If you are a Rhode Islander over age 65, you need to read this

Rep. Craven and Sen. Walaska’s Social Security tax exemption legislation included in budget, passes House
EDITOR’S NOTE: While Charlestown’s state Rep. Flip Filippi promised to immediately file a bill to exempt Social Security income from state income tax, he never really got around to it. Instead, Bob Craven (D), who represents North Kingstown and is also an assistant solicitor for Charlestown, filed an even bigger elderly tax break bill. This version seems destined to pass as it is now folded into the state budget.

STATE HOUSE – House Municipal Government Committee Chairman Robert E. Craven’s (D-Dist. 32, North Kingstown) legislation (2015-H 5000) that exempts Social Security benefits from taxation for certain retirees was included in the FY 2016 budget that passed the House of Representatives tonight.  Sen. William A. Walaska (D-Dist. 30, Warwick) sponsored similar legislation (2015-S 0029) in the Senate.

“This will bring significant financial relief to Rhode Island seniors who receive retirement benefits,” said Representative Craven. “After paying into the Social Security system their entire working lives, it doesn’t seem right that retirees are having taxes eat away at benefits they depend on for their very livelihood.”


“Retirees living on a fixed income are probably more severely impacted by taxes and tax increases than other population groups,” said Senator Walaska.  “If we are committed to helping retirees have a safe and secure life in their later years, and if we want to help seniors afford to stay in Rhode Island rather than moving to more tax-friendly locations, we need to ease their financial burdens. Exempting retirement income from the state income tax is one step we should take.”

The legislation would exempt Social Security benefits from being taxed for single tax filers with up to $80,000 in taxable income and up to $100,000 for joint filers.
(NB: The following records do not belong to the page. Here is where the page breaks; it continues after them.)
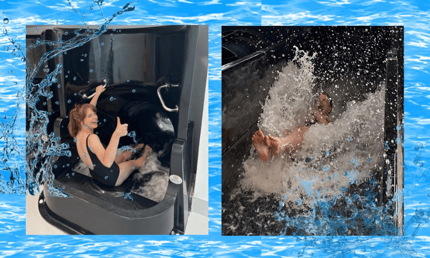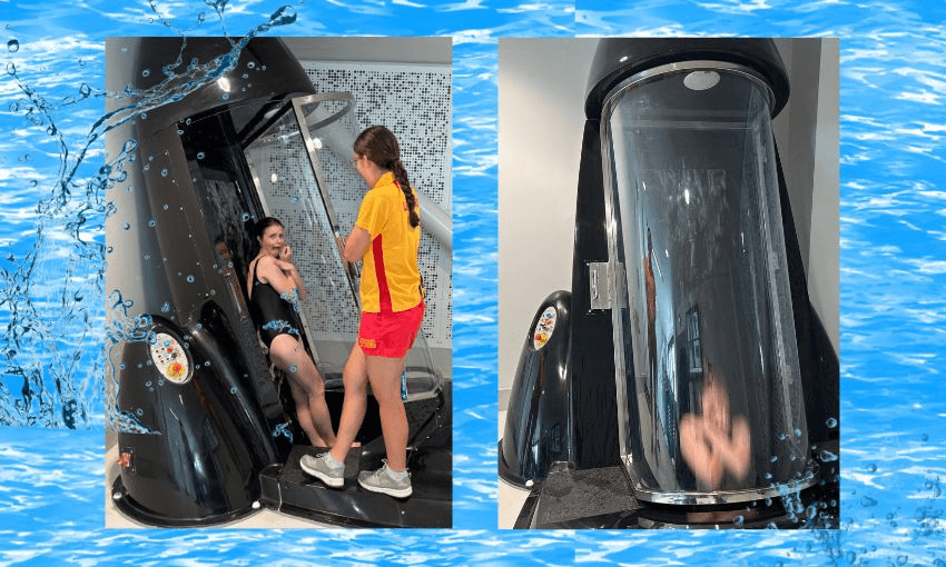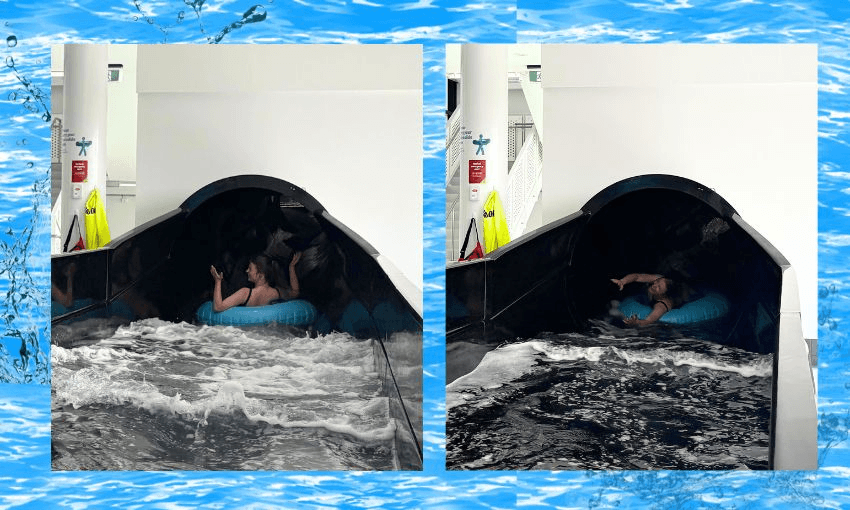 On that note, it was time for the most fearless news outlets, aka The Spinoff and The Press, to test out the hydroslides for themselves. Had I anticipated the awkwardness of swanning about in togs in a room full of fully-clothed professionals? Of course not. The Press’s Elsie Williams was savvier than I, opting for leggings and a singlet. When I am dead, please remember this: I was the only journalist in the country brave enough to get their flat pancake ass out the day the biggest indoor aquatic centre in the Southern Hemisphere opened.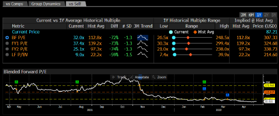 就估值而言,与大多数高增长公司一样,Upstart的估值倍数自去年11月达到峰值以来已经大幅下降,现在的估值更加合理。在巅峰时期,Upstart的预期市盈率超过200倍,而目前的预期市盈率约为32倍,如下图所示。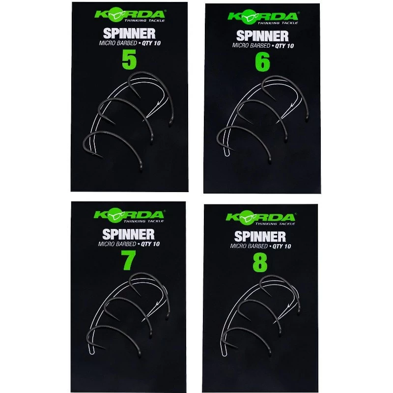 Korda Spinner Hooks in barbless, based on their best selling Kurv shank pattern with a further extended shank and offering the same sweeping curve.  Also featuring an in-turned eye, eradicating the need for shrink tubing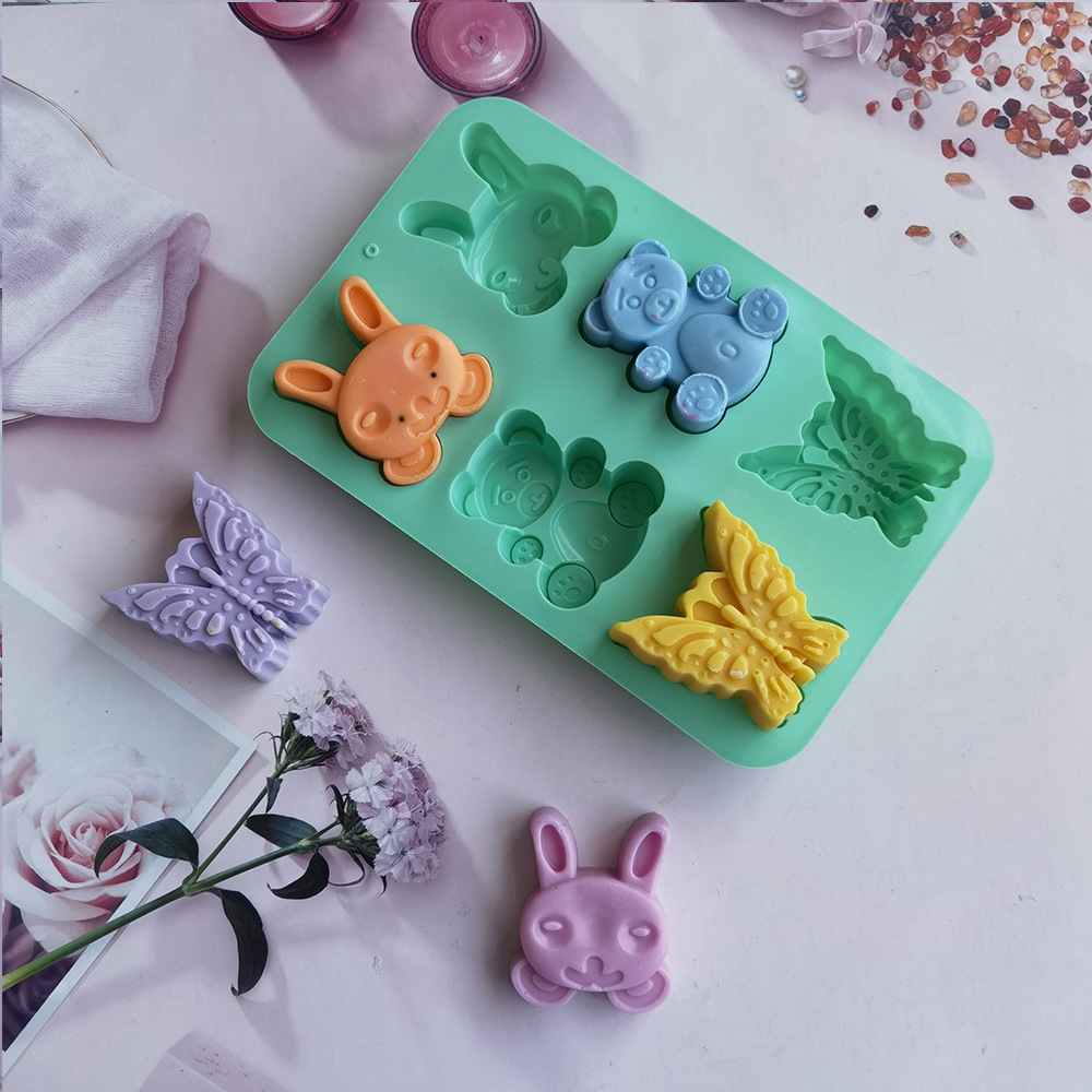 6连熊兔蝴蝶硅胶蛋糕巧克力硅胶模具甜点冰块模具烘焙蛋糕马绿
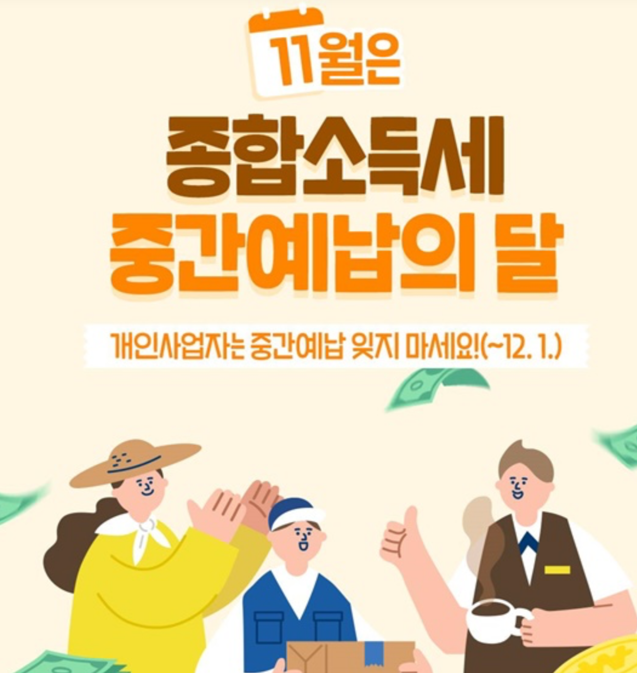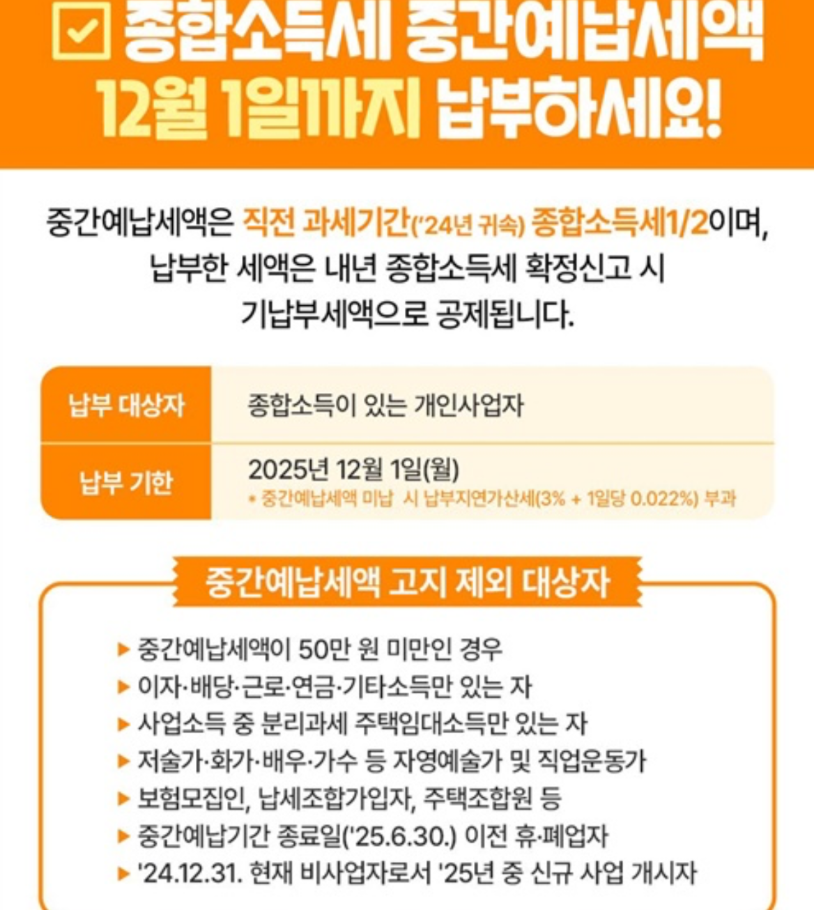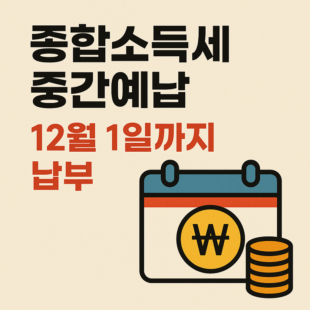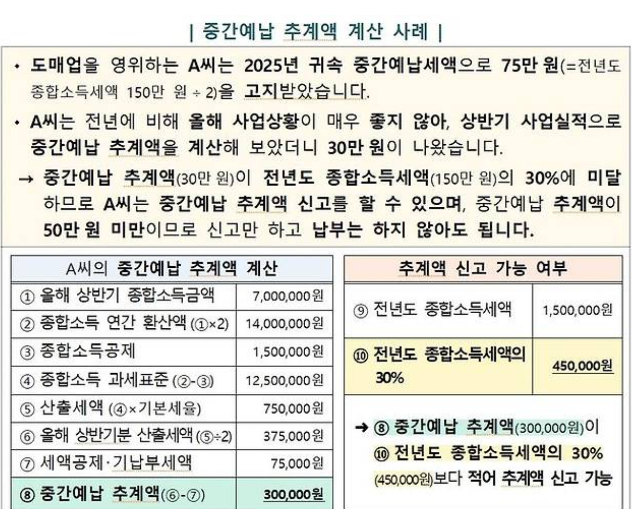 종합소득세 중간예납은 직전 과세기간(2024년 귀속) 종합소득세의 1/2 금액을 미리 납부하는 제도입니다.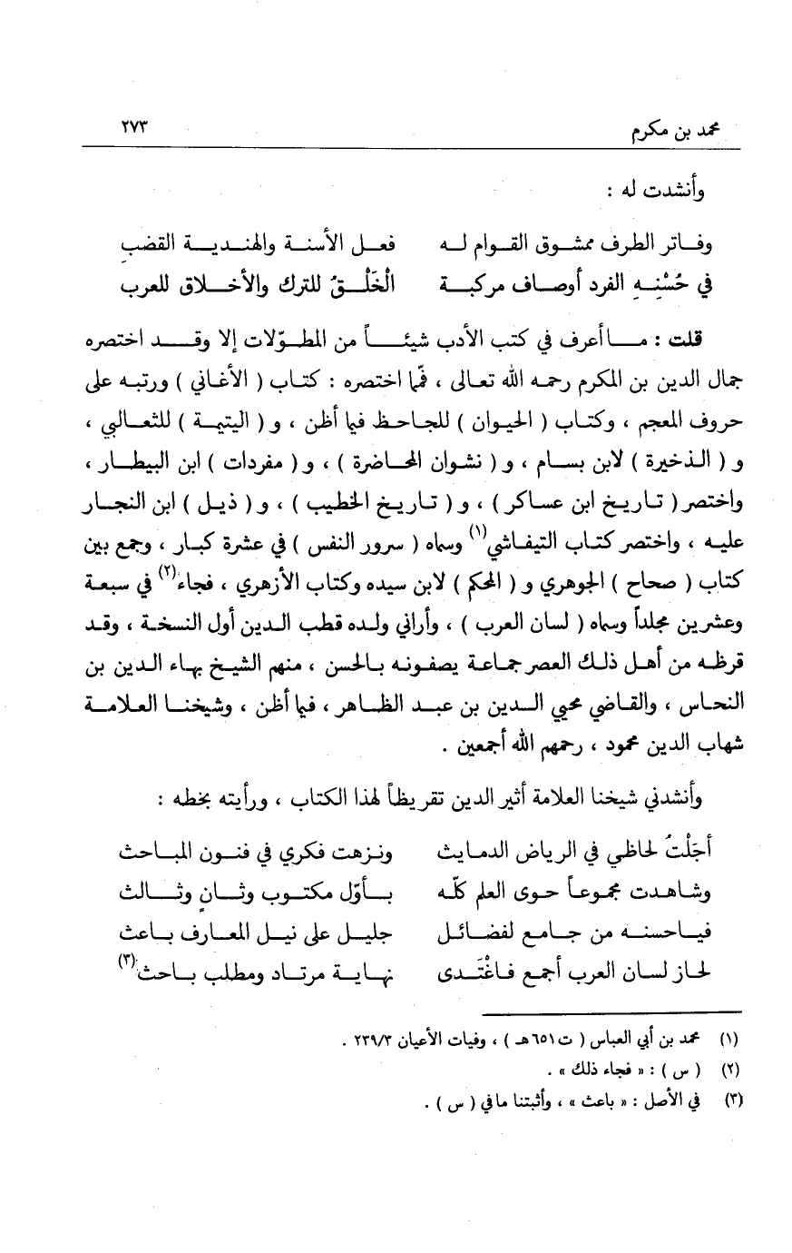 قلت: ما أعرف في كتب الأدب شيئاً من المطوّلات إلا وقد اختصره جمال الدين بن المكرم رحمه الله تعالى، فمما اختصره: كتاب الأغاني ورتبه على حروف المعجم، وكتاب الحيوان للجاحظ فيما أظن، واليتيمة للثعالبي، والذخيرة لابن بسام، ونشوان المحاضرة، ومفردات ابن البيطار، واختصر تاريخ ابن عساكر، وتاريخ الخطيب، وذيل ابن النجار عليه، واختصر كتاب التيفاشي وسماه سرور النفس في عشرة كبار، وجمع بين كتاب صحاح الجوهري والمحكم لابن سيده وكتاب الأزهري، فجاء في سبعة وعشرين مجلداً وسماه لسان العرب، وأراني ولده قطب الدين أول النسخة، وقد قرظه من أهل ذلك العصر جماعة يصفونه بالحسن، منهم الشيخ بهاء الدين بن النحاس، والقاضي محيي الدين بن عبد الظاهر، فيما أظن، وشيخنا العلامة شهاب الدين محمود، رحمهم الله أجمعين.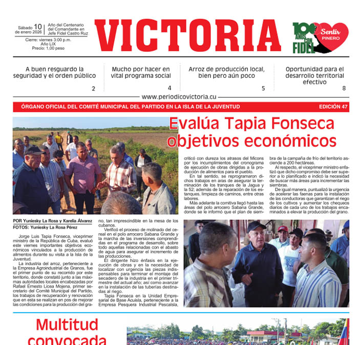 Edición impresa No 59-47/10-01-2026 Posted on 10 enero, 20269 enero, 2026 Autor Redacción Digital No comentarios(0) Edición Impresa No. 59-46 Otros artículos del autor: Pineros desarrollan la soya como opción sostenible y nutritiva Rememoran pineros Operación Tributo a los mártires de la Patria(+Fotos) Instan a iniciativas de transición hacia fuentes renovables de energía Refuerzan preparación de órganos locales en Isla de la Juventud Edición del año 59 Ediciones Impresas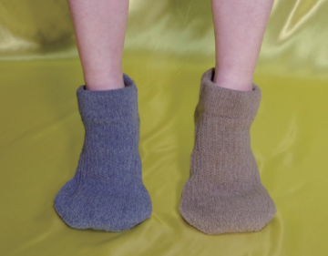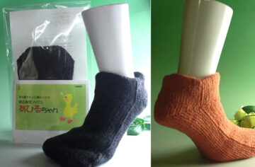 これを履いていれば、スリッパを履かなくても、床の冷えが伝わりにくく、暖かく過ごせます。あひるの足に似ているところから、「あひるちゃん」と名付けました。(^^)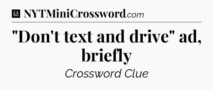 The clue “”Don’t text and drive” ad, briefly” most recently appeared in a LA Times Crossword on March 26, 2019.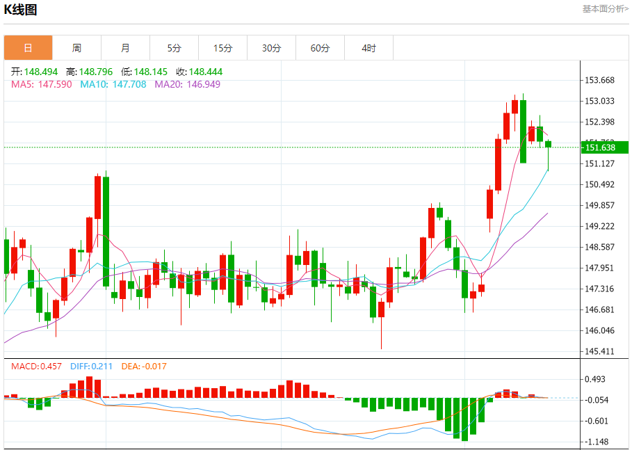 今日周三,欧元兑美元报1.1616,涨幅0.08%;英镑兑美元报1.3344,涨幅0.19%;美元兑日元报151.651,跌幅0.13%。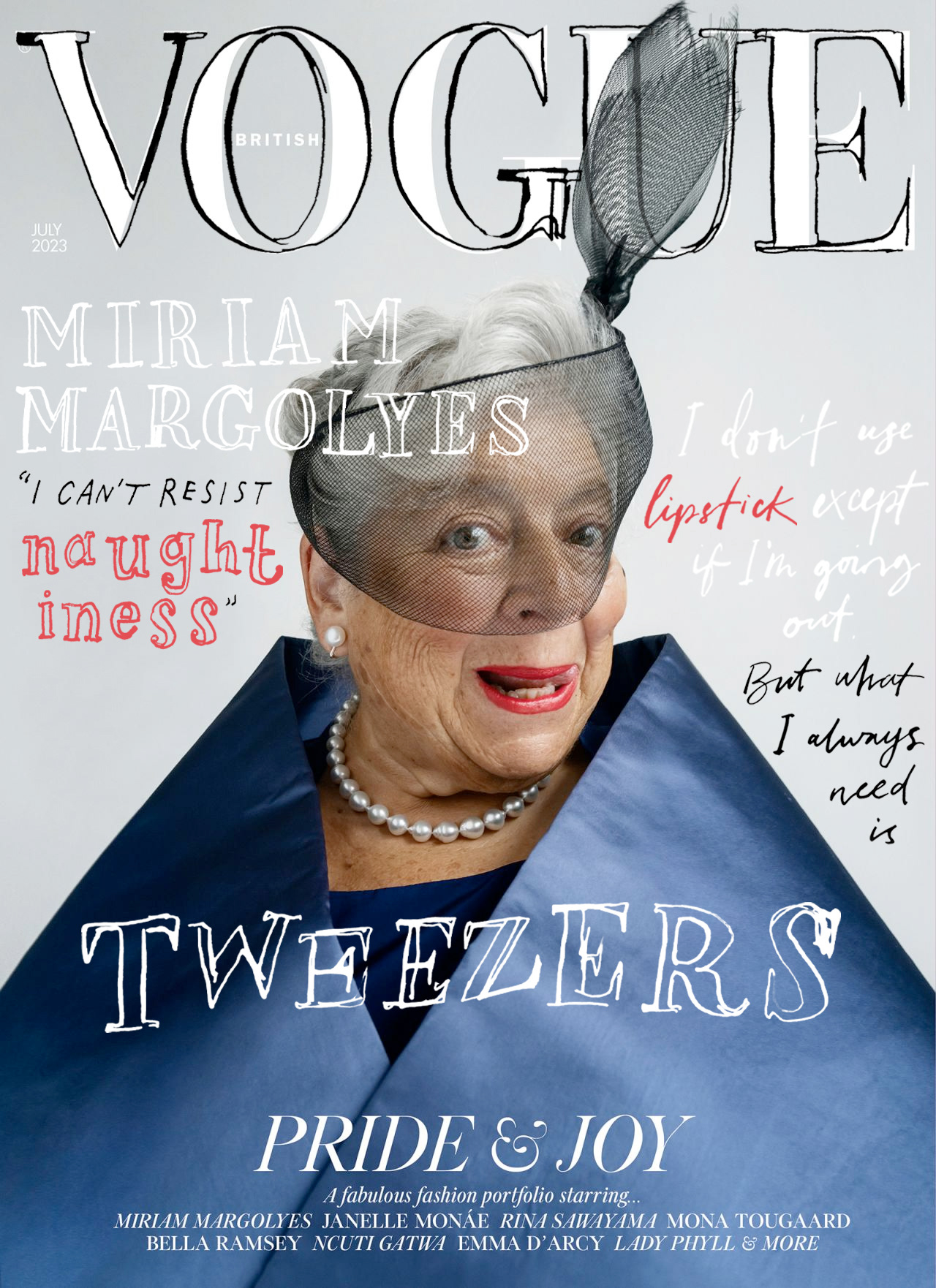 A scratchy and fun application of hand-written lettering on top of this sleek British VOGUE cover featuring the infamous and charming Miriam Margolyes.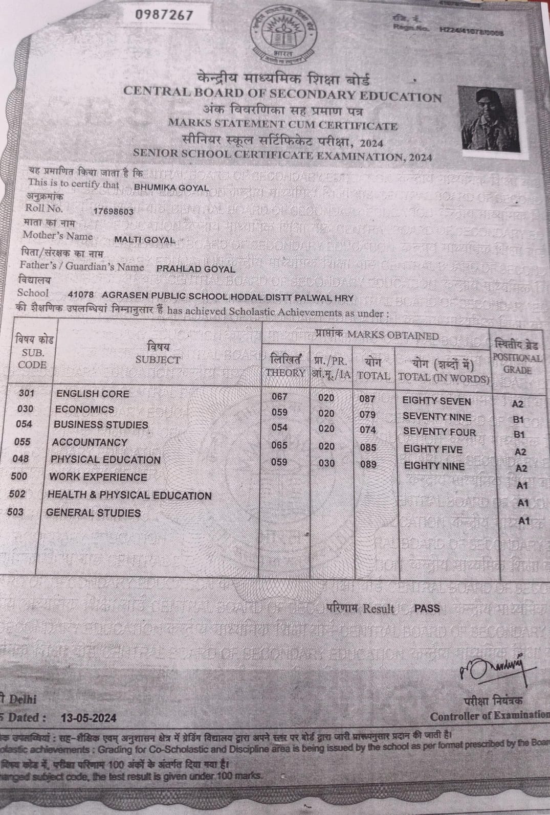 | Exam | Full Marks | Pass Marks | Marks Obtained |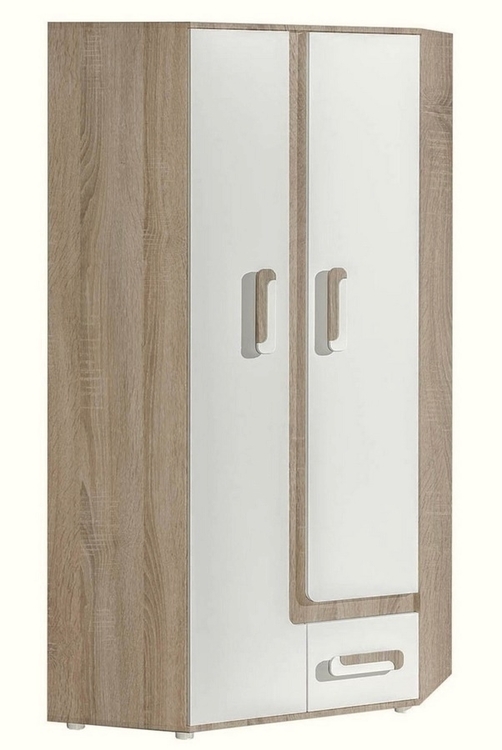 Šatní skříň rohová APETTITA ze sektorové řady, která se vyznačuje netradičním zpracováním barev a originalitou úchytů. Tento styl nábytku zaujme každou mladší generaci. Skříň je vyrobena z kvalitní LTD desky hraněné ABS lištou. Korpus je v barvě dub jasný, dveře jsou bílé matné. Úchytky jsou v barevné kombinaci dub jasný/bílá. Uvnitř skříně je šatníková tyč a police, v dolní části je zásuvka. Sektorový nábytek APETTITA má široký výběr prvků, který Vám zaručí sestavit si dětský nebo studentský pokoj, ložnici či kancelář podle svých potřeb, přání a představ. Dodáváme v demontovaném stavu.CASA 23001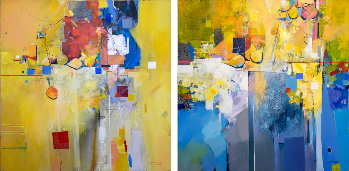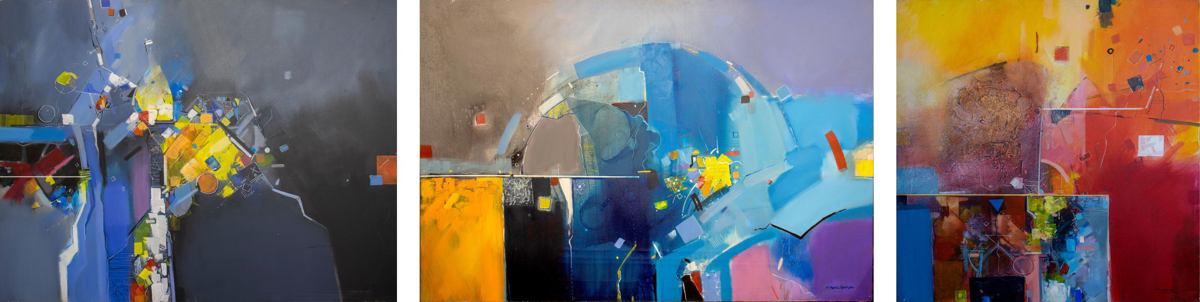 В абстрактната и ярко колоритна акрилна живопис на Валентин Асенов – Хъкъла, няма единен поглед. Има поглед, разпаднат на фрагменти – сякаш светът е видян през начупени стъкла, които увеличават, намаляват, разместват и разкъсват зрителното поле. Платната му не представят свят, а го съграждат от парчета, отслоени от преживяване, отломки от време и памет, елементи, които са били нещо, но вече не са. Това не е разруха, а ново строителство, но по законите на вътрешен ритъм. Всяка линия диша като вентил, всяко цветно петно пулсира, сякаш излива звук. Чертата е едновременно конструкция и колебание, а цветът е и светлина, и сянка на спомен. Това е живопис, която не иска да разкаже, а да се засели в преживяното – да събере преживяното в нова телесност от ритъм, форма и светлина.

EDITOR’S NOTE: of particular interest is this section from the Craven bill:
"(8) Modification reduction for retirement benefits. – (i) An individual may subtract income received from federal, state and local governments’ retirement plans, social security retirement and disability benefits, military pensions, railroad retirement benefits, private pension plans, and deferred-compensation plans in the public and private sector, to the extent such income is included in adjusted gross income for federal income tax purposes."
If I am reading this correctly, if your adjusted gross income exceeds $80,000 for a single person or $100,000 for a couple but includes any of the above forms of retirement income, you can SUBTRACT that income from your adjusted gross income. That will extend the reach of this legislation to include nearly all seniors except 1%ers (and maybe even some of them). We'll of course need to see all the details in the final version that was folded into the state budget to see if this provision carried over.